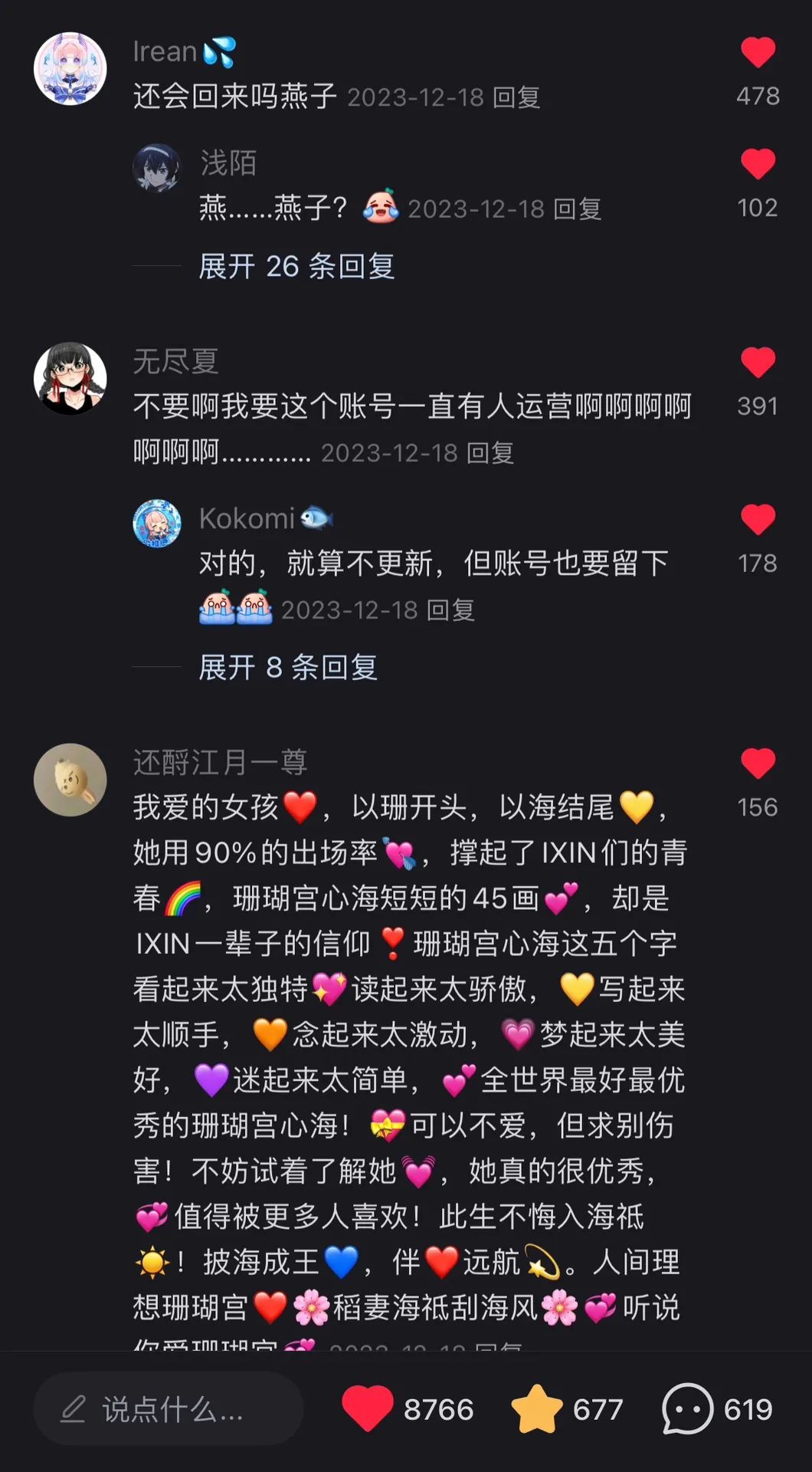 好在到頭來,大夥用心帶入的故事並非南柯一夢。或許是聽到了社羣呼聲,今年9月26日,已經沉寂了9個月的心海小紅書賬號再度恢復更新
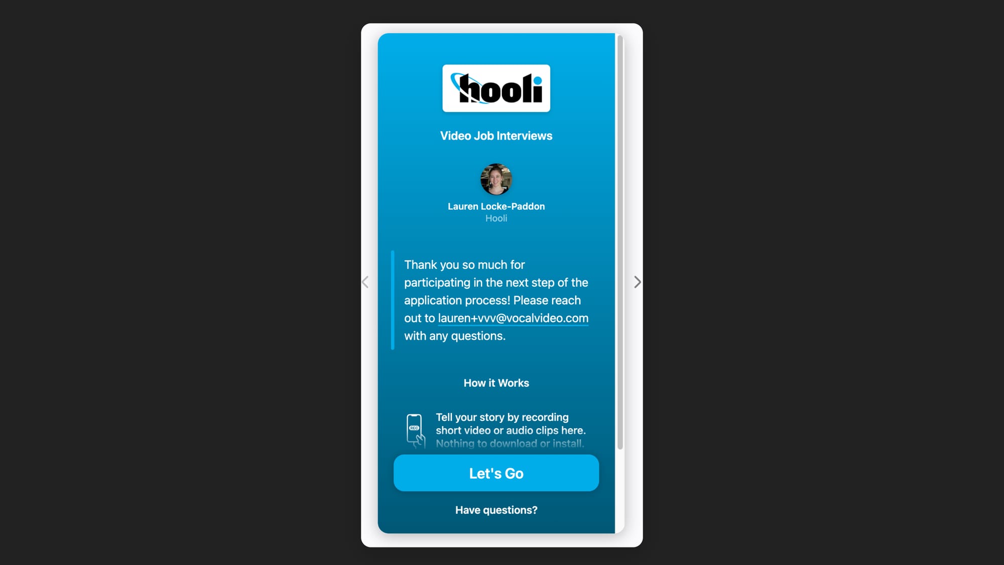 In contrast, we feel that a dedicated interviewing platform — like Vocal Video — puts job seekers at ease because it’s specifically designed to make collecting asynchronous video interviews easy.
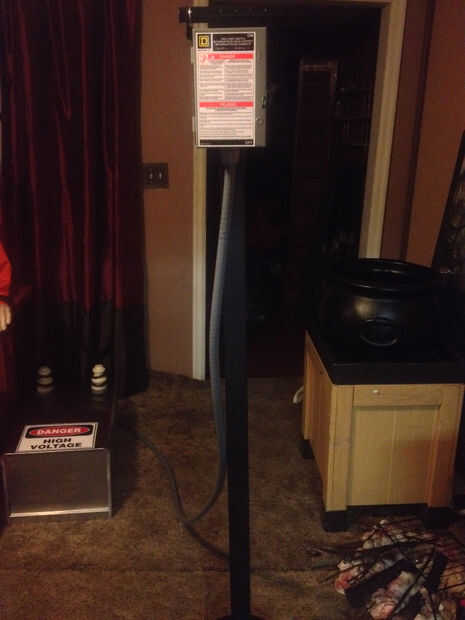 Para el gatillo que quería hacer algo interesante que pensaba y no había visto antes de mí mismo. Puesto que este apoyo se dará a conocer en una fiesta de Halloween antes de Halloween, no quiero que se puede activar utilizando medios normales como sensores de movimiento o almohadillas de presión. Pensé que sería genial si los asistentes al partido y truco o tratamiento fueron capaces de freír al interno de deathrow ellos mismos convirtiéndose en el verdugo. Para que esto suceda compró una caja de fusibles pequeños con un interruptor de corte y cableado hasta el controlador como el gatillo real. Tuve que añadir un resorte bastante fuerte dentro de la caja conectado al interruptor para que se desengancha automáticamente el interruptor después del contacto inicial a partir de la acción. Con el trabajo con éxito todo lo que tenía que hacer era hacer un soporte para ella. También corrí el cable de disparo a través de algún conducto grande llevando en la caja del transformador para que se vea un poco más aterrador.
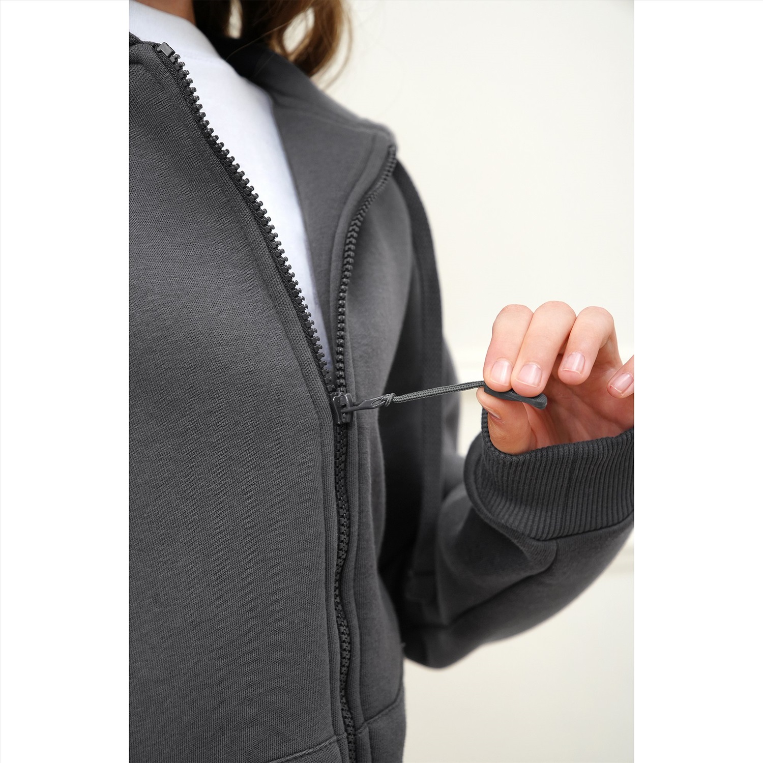 – толстовка на молнии с капюшоном и карманами дарит комфорт и удобство;

→ What is required: Copy the line showing "Para el gatillo" exactly, along with each line after it through the end of the material above. Pictures stay out.

→ Response:
 Para el gatillo que quería hacer algo interesante que pensaba y no había visto antes de mí mismo. Puesto que este apoyo se dará a conocer en una fiesta de Halloween antes de Halloween, no quiero que se puede activar utilizando medios normales como sensores de movimiento o almohadillas de presión. Pensé que sería genial si los asistentes al partido y truco o tratamiento fueron capaces de freír al interno de deathrow ellos mismos convirtiéndose en el verdugo. Para que esto suceda compró una caja de fusibles pequeños con un interruptor de corte y cableado hasta el controlador como el gatillo real. Tuve que añadir un resorte bastante fuerte dentro de la caja conectado al interruptor para que se desengancha automáticamente el interruptor después del contacto inicial a partir de la acción. Con el trabajo con éxito todo lo que tenía que hacer era hacer un soporte para ella. También corrí el cable de disparo a través de algún conducto grande llevando en la caja del transformador para que se vea un poco más aterrador.
 – толстовка на молнии с капюшоном и карманами дарит комфорт и удобство;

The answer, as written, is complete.